_THE TASK_
Once the line with "ラム肉の様々な部位を辛味のある麻辣スープにくぐらせて楽しむことができます。" is found in the entries below, repeat it and each following line exactly, up to and including the line with "Traditional Korean cuisine". Add no other lines.

------ RECORDS ------

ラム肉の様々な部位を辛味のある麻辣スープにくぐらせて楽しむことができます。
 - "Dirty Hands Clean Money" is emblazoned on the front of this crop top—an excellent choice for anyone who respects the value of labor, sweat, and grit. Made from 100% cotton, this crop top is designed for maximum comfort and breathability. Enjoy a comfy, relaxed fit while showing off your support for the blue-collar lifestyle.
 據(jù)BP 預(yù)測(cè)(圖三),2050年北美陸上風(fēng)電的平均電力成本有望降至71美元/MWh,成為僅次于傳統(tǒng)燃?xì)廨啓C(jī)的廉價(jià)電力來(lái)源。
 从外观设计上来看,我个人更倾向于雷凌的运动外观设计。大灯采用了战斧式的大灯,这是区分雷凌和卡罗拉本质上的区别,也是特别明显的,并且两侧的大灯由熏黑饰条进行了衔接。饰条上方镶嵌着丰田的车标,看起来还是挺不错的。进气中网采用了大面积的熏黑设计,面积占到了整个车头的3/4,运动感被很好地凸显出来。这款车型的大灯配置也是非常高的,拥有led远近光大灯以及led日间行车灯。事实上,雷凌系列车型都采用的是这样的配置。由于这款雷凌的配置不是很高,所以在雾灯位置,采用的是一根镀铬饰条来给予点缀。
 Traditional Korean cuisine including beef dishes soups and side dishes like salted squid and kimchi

------
------ RECORDS ------

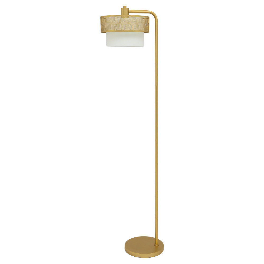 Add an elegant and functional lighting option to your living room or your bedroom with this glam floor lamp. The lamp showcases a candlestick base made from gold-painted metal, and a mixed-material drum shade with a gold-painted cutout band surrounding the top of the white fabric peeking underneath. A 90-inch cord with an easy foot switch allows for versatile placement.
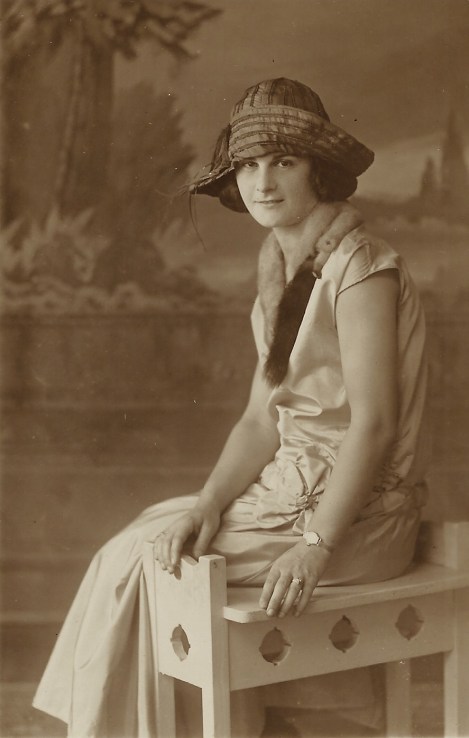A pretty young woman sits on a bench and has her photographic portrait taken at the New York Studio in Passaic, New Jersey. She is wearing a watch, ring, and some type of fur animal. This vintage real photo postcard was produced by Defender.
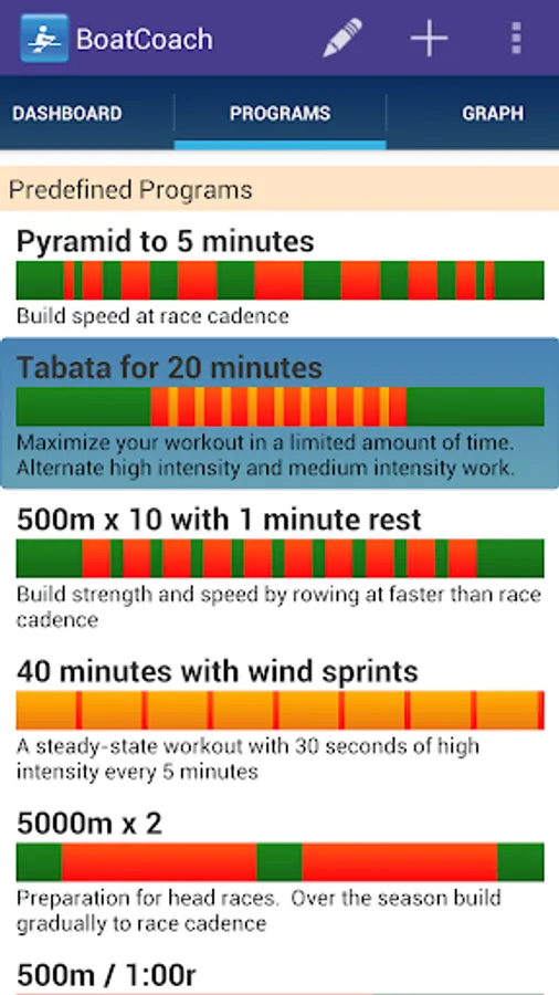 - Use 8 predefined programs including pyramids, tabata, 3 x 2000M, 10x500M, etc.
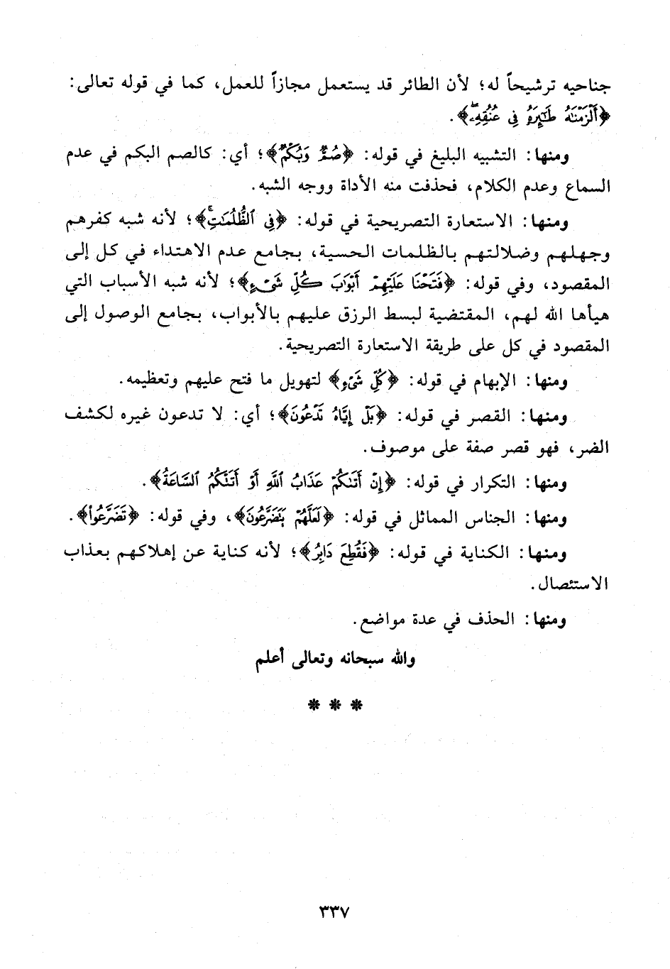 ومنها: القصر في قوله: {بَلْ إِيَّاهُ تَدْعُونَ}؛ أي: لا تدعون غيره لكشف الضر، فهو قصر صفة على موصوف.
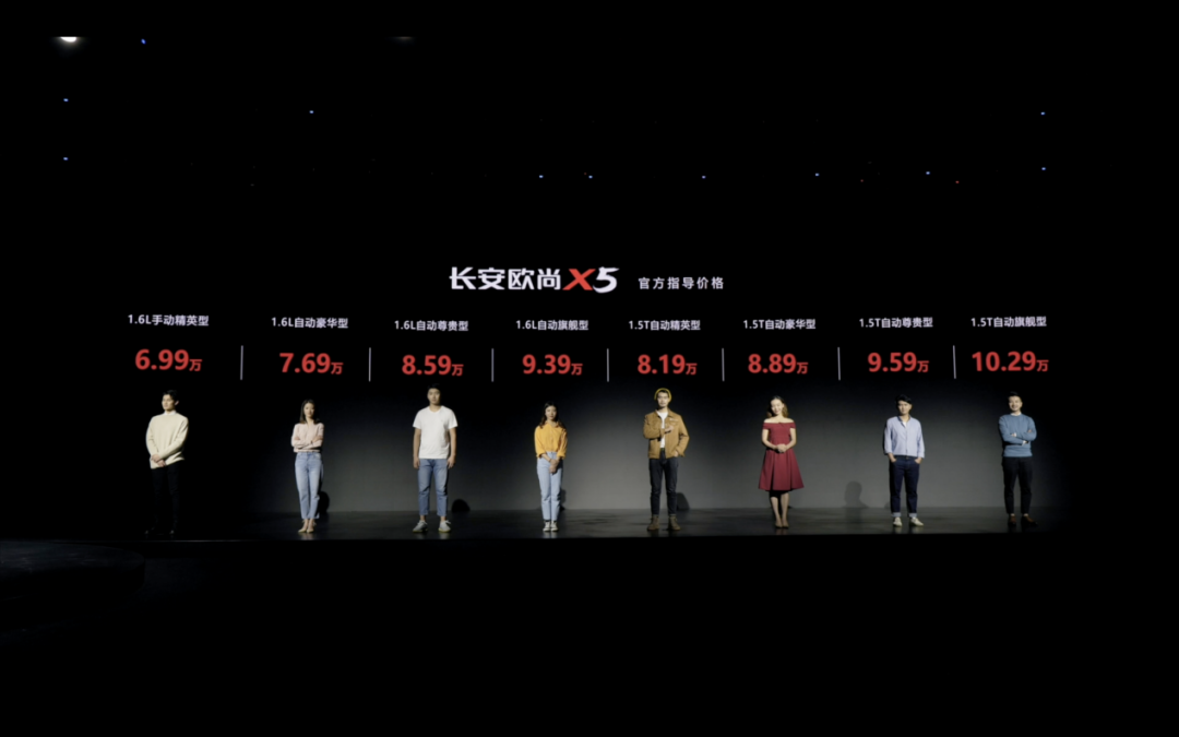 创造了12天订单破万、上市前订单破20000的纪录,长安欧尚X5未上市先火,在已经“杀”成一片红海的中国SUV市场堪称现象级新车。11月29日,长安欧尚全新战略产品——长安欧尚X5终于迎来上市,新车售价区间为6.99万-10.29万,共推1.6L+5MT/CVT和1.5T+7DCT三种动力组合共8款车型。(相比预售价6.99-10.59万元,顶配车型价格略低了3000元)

------

_WORKED SOLUTION_
ラム肉の様々な部位を辛味のある麻辣スープにくぐらせて楽しむことができます。
 - "Dirty Hands Clean Money" is emblazoned on the front of this crop top—an excellent choice for anyone who respects the value of labor, sweat, and grit. Made from 100% cotton, this crop top is designed for maximum comfort and breathability. Enjoy a comfy, relaxed fit while showing off your support for the blue-collar lifestyle.
 據(jù)BP 預(yù)測(cè)(圖三),2050年北美陸上風(fēng)電的平均電力成本有望降至71美元/MWh,成為僅次于傳統(tǒng)燃?xì)廨啓C(jī)的廉價(jià)電力來(lái)源。
 从外观设计上来看,我个人更倾向于雷凌的运动外观设计。大灯采用了战斧式的大灯,这是区分雷凌和卡罗拉本质上的区别,也是特别明显的,并且两侧的大灯由熏黑饰条进行了衔接。饰条上方镶嵌着丰田的车标,看起来还是挺不错的。进气中网采用了大面积的熏黑设计,面积占到了整个车头的3/4,运动感被很好地凸显出来。这款车型的大灯配置也是非常高的,拥有led远近光大灯以及led日间行车灯。事实上,雷凌系列车型都采用的是这样的配置。由于这款雷凌的配置不是很高,所以在雾灯位置,采用的是一根镀铬饰条来给予点缀。
 Traditional Korean cuisine including beef dishes soups and side dishes like salted squid and kimchi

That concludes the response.